Remaining challenges

However, the use of generative AI models to produce synthetic data raises certain ethical, privacy, and legal considerations. As the New York Times’ lawsuit against OpenAI highlighted, these models sometimes produce information that is extremely close to the original training data. Similarly, the AI-centred search start-up Perplexity was found to be republishing parts of exclusive newspaper articles. Ensuring that synthetic data does not inadvertently reveal sensitive information or introduce biases is therefore crucial. So-called differential privacy techniques, which add noise to the data generation process, might help mitigate these risks by providing mathematical guarantees against inferential attacks. The key idea here is that the presence or absence of any individual record in the dataset should not significantly affect the outcome of the mechanism.

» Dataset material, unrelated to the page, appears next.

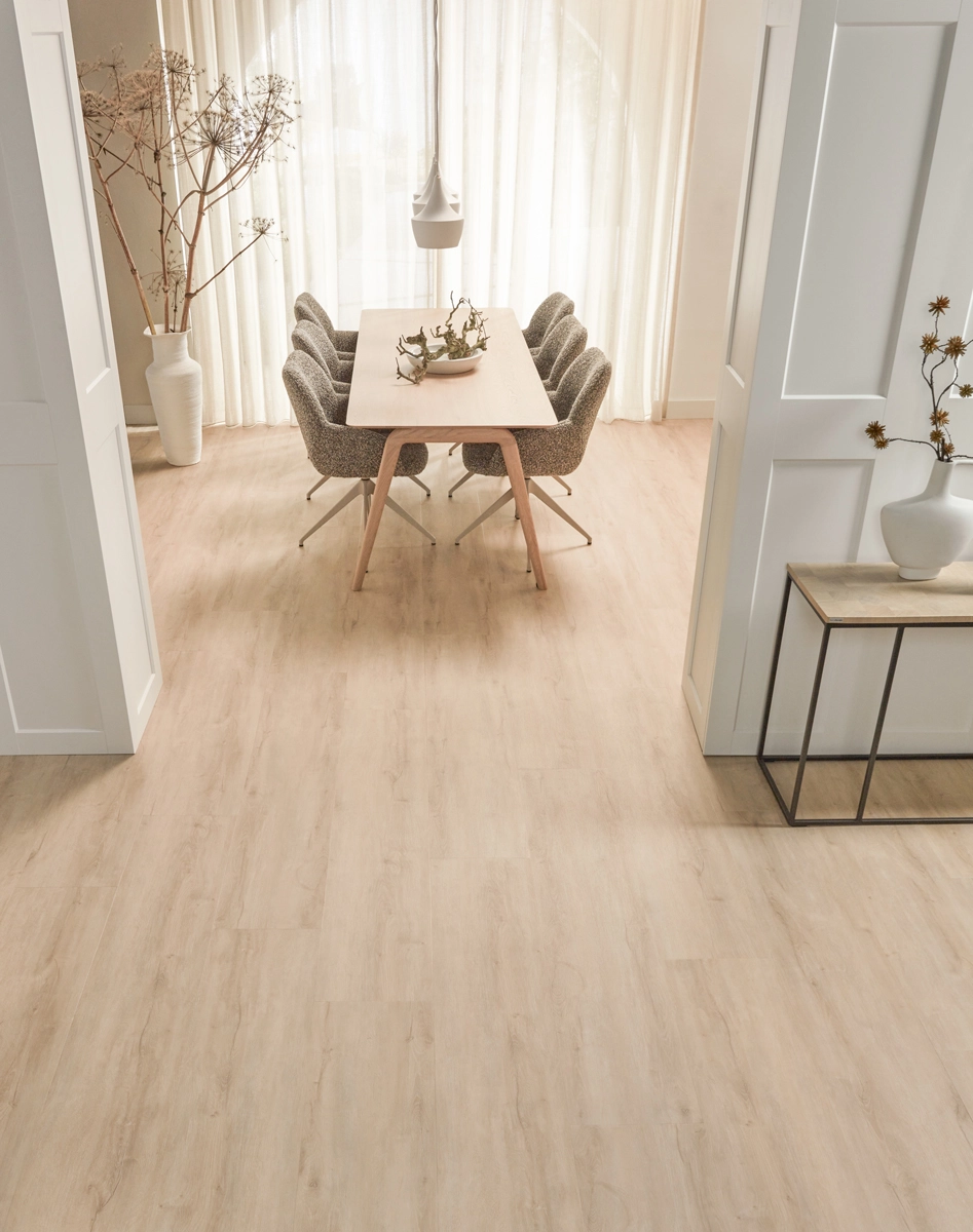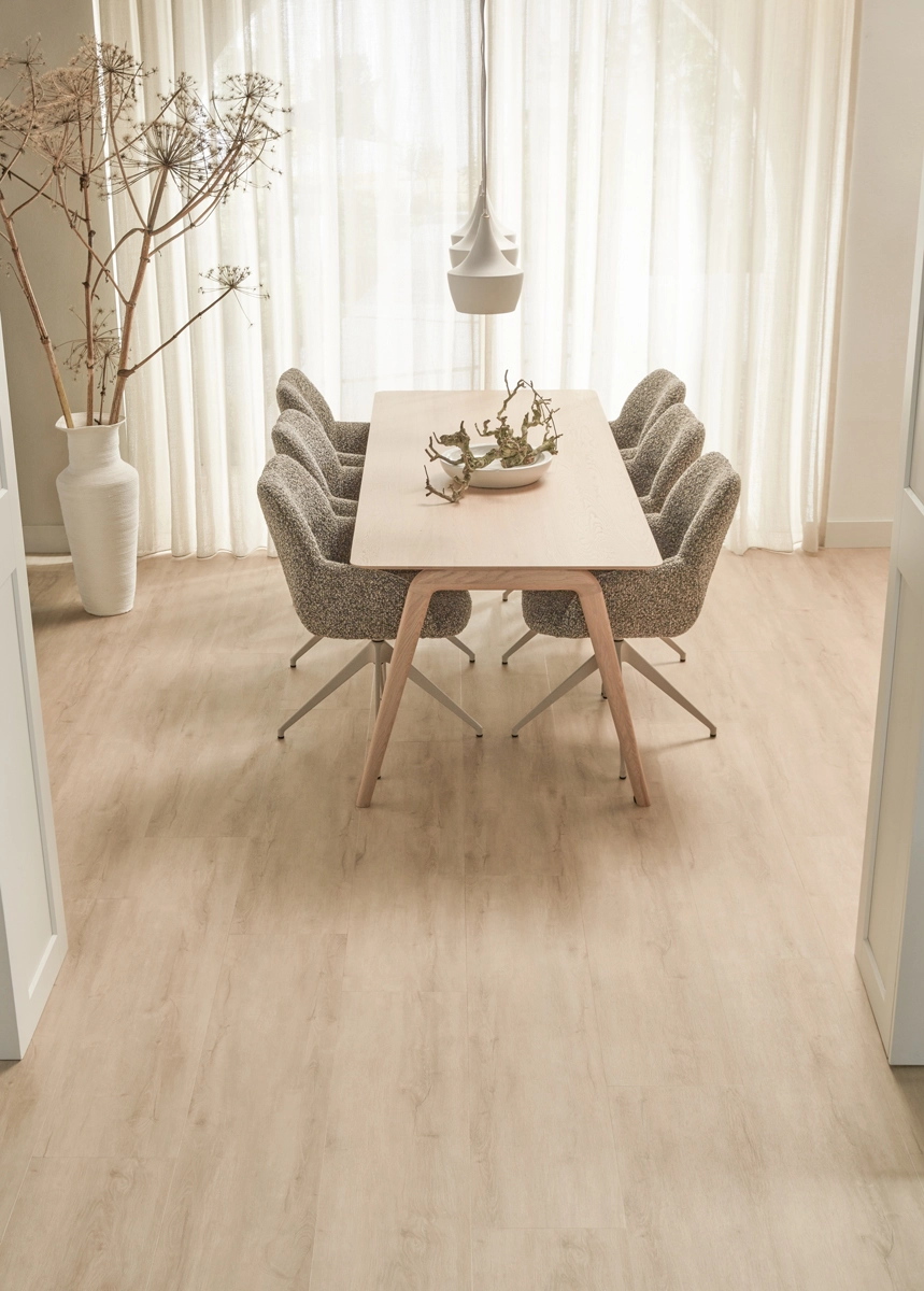 Der Floer Landhaus Vinyl - Creme Eiche ist die perfekte Wahl für alle, die einen robusten, breiten Vinyl-Boden in warmer, heller Eichenoptik suchen. Mit extra breiten XXL-Dielen von 154 cm Länge und 31 cm Breite verleiht dieser Boden Ihrem Interieur eine robuste Ausstrahlung und ein großzügiges Raumgefühl.Dank der fühlbaren Holzstruktur mit der matten MEGAMAT-Oberfläche fühlt es sich an, als würden Sie echte massive Eiche in Ihr Zuhause holen, jedoch mit allen Vorteilen von Floer Vinyl.

How can new ways of generating synthetic data be used in AI training while preserving privacy and mitigating bias? First, the computer science community can help practitioners and stakeholders identify the use cases where synthetic data can be used safely, perhaps even in a semi-automated way, and how to implement privacy enhancing technologies, such as differential privacy. Promisingly, researchers have created a reliable framework for detecting whether an LLM has been trained on a particular dataset, which could be used in red-teaming exercises to protect against litigation.

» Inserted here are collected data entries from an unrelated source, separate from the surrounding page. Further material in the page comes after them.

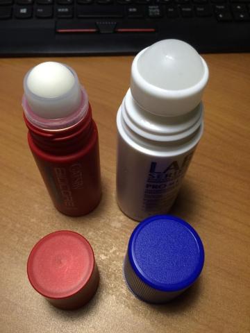 また、うちに前に買った他社のデオドラントロールオンがありましたので、比較しますと、ボール径の大きさが使いやすさにつながっているなと感じました。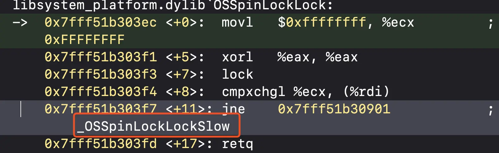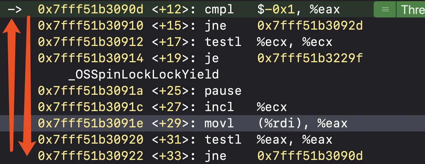 进入_OSSpinLockLockSlow函数,执行si指令,会发现,程序一直在循环执行一段汇编指令,如下: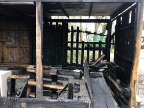 Im März war der Holzunterstand am Festplatz, Treffpunkt für die Gladbecker Wohnungslosenszene, als Folge einer Brandstiftung Raub von Flammen geworden. Wir sind mit unserem Wärmebus an jedem Samstag dort und konnten uns den Schaden völlig entsetzt aus nächster Nähe ansehen. Die Enttäuschung und das Unverständnis war groß bei den Menschen, die selbst kaum etwas haben und sich dort regelmäßig treffen.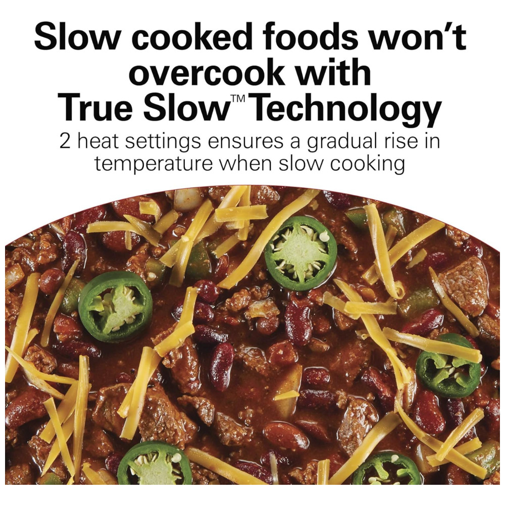 Alimentos Não Cozinham Demais: A tecnologia True Slow Cook, com 2 níveis de calor, garante um aumento gradual da temperatura, resultando no cozimento clássico e uniforme que você espera de uma panela de cozimento lento.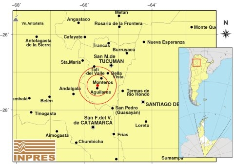 Epicentro: 72 km al SO de San Miguel De Tucumán; 122 km al N de San F. Del Valle De Catamarca; 7 km al N de Aguilares -27.354 (lat) -65.606 (long)
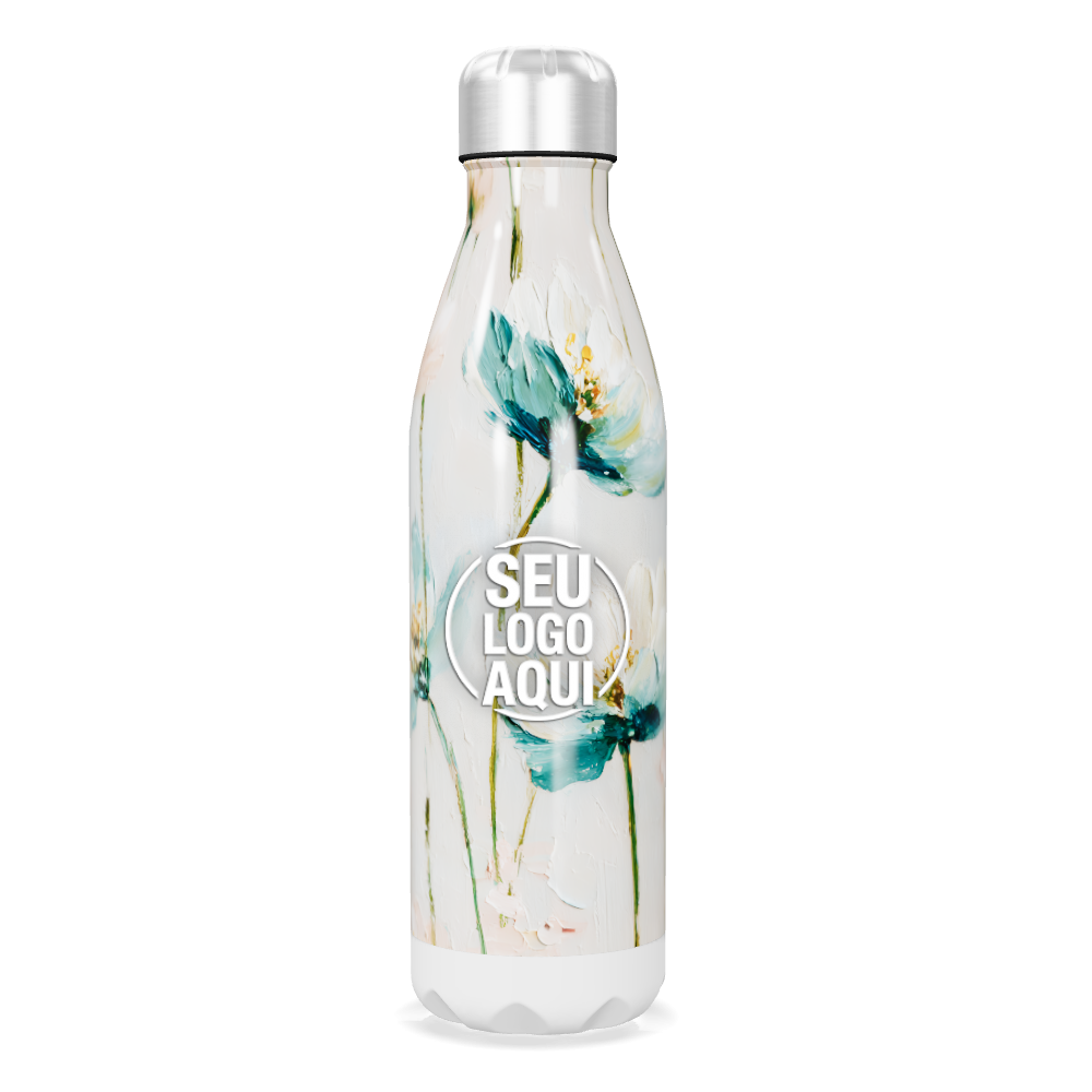garrafa inox flores azul branca personalizada
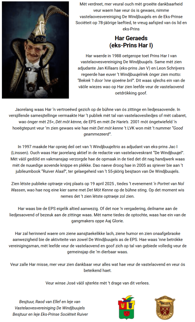 Vastelaovesvereiniging "De Windjbuujels" Ruiver

In addition, however, European policymakers also have a role to play in clarifying how companies can use more synthetic, or anonymised, data for AI training and manage future re-identification risks. Our recent survey of 1,000 European businesses showed that there is a need to clarify how synthetic data can be used in a legally secure manner and when data can be considered anonymised, for example by developing and defining uniform and workable standards. At the very least, EU data protection authorities should therefore provide workable guidelines for the generation and processing of synthetic data, prioritising the principles of transparency, accountability, and fairness. This will help to understand the types of data, tasks, and settings in which appropriate privacy-utility trade-offs can be achieved through synthetic data produced by generative models.

Conclusion

From simulated hospital beds to kitchen robots, synthetic data is revolutionising the way AI systems are trained and deployed. The new ways of creating synthetic data that have recently become available thanks to LLMs and other types of generative AI could transform the process of machine learning and herald an opportunity for European industry to catch up with US and Chinese competitors. This is especially true for smaller firms, which might not otherwise have the capacity or financial power to acquire and label large datasets for AI training. However, as Europe moves forward with this technology, it is imperative to balance innovation with ethical considerations to ensure that synthetic data serves as a powerful tool for the betterment of society. For this, the industry needs clear guidelines and consistent and workable technical standards.

Anselm Küsters is Head of Digitalisation/New Technologies at the Centrum für Europäische Politik (cep), Berlin. As a post-doctoral researcher at the Humboldt University in Berlin and as an associate researcher at the Max Planck Institute for Legal History and Theory in Frankfurt am Main, he conducts research in the field of Digital Humanities.

Küsters gained his Master’s degree in Economic History at the University of Oxford (M. Phil) and his PhD at the Johann Wolfgang Goethe University in Frankfurt am Main.